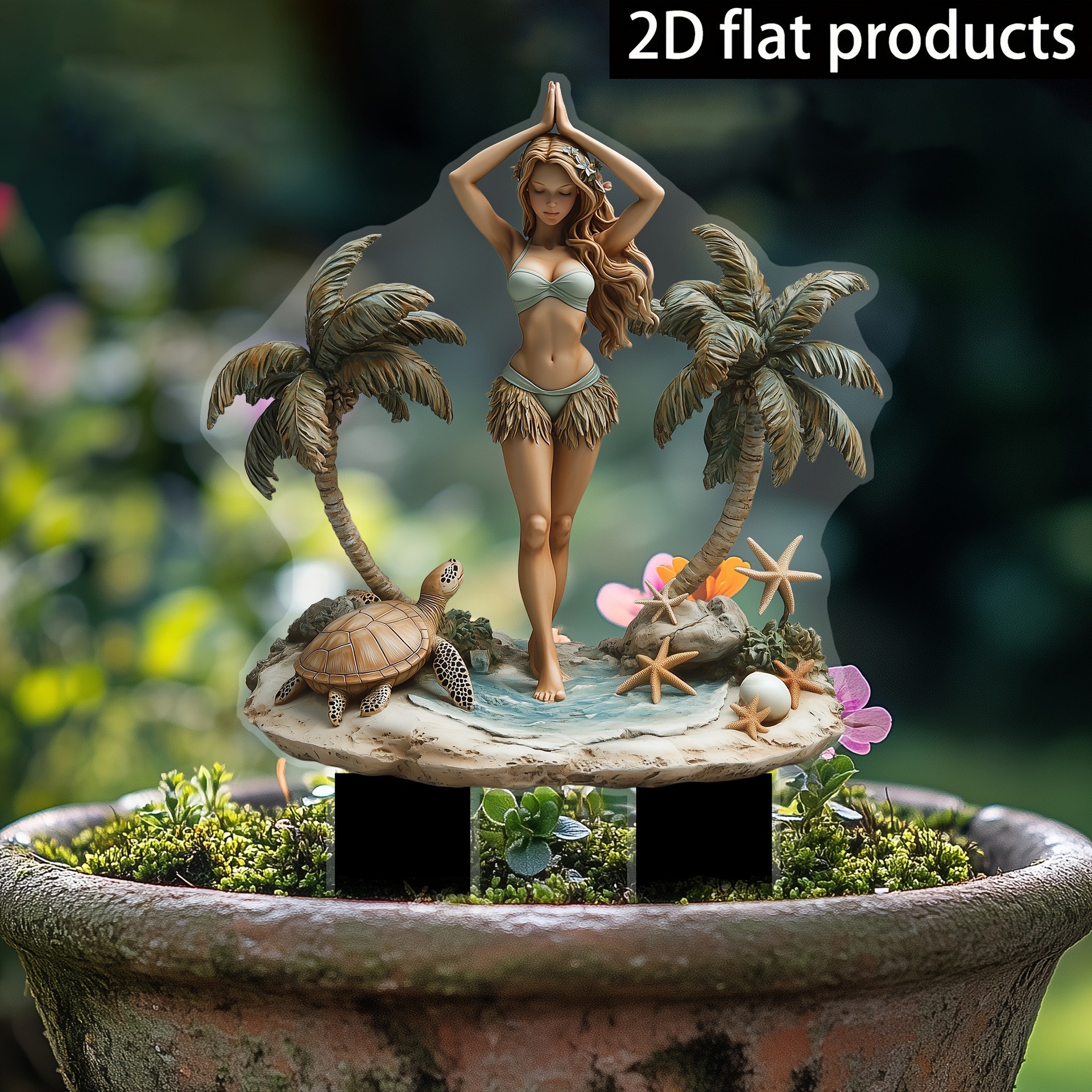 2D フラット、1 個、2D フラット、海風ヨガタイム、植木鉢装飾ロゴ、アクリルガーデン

* * *

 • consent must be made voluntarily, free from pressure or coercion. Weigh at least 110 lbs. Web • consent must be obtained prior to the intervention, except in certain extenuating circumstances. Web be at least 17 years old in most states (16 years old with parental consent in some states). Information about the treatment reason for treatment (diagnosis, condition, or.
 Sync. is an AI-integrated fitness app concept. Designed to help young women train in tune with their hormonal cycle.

## EXERCISE
Examine the records and report how many lines contain the string "with". Only the number should be given.

## TASK SOLUTION
2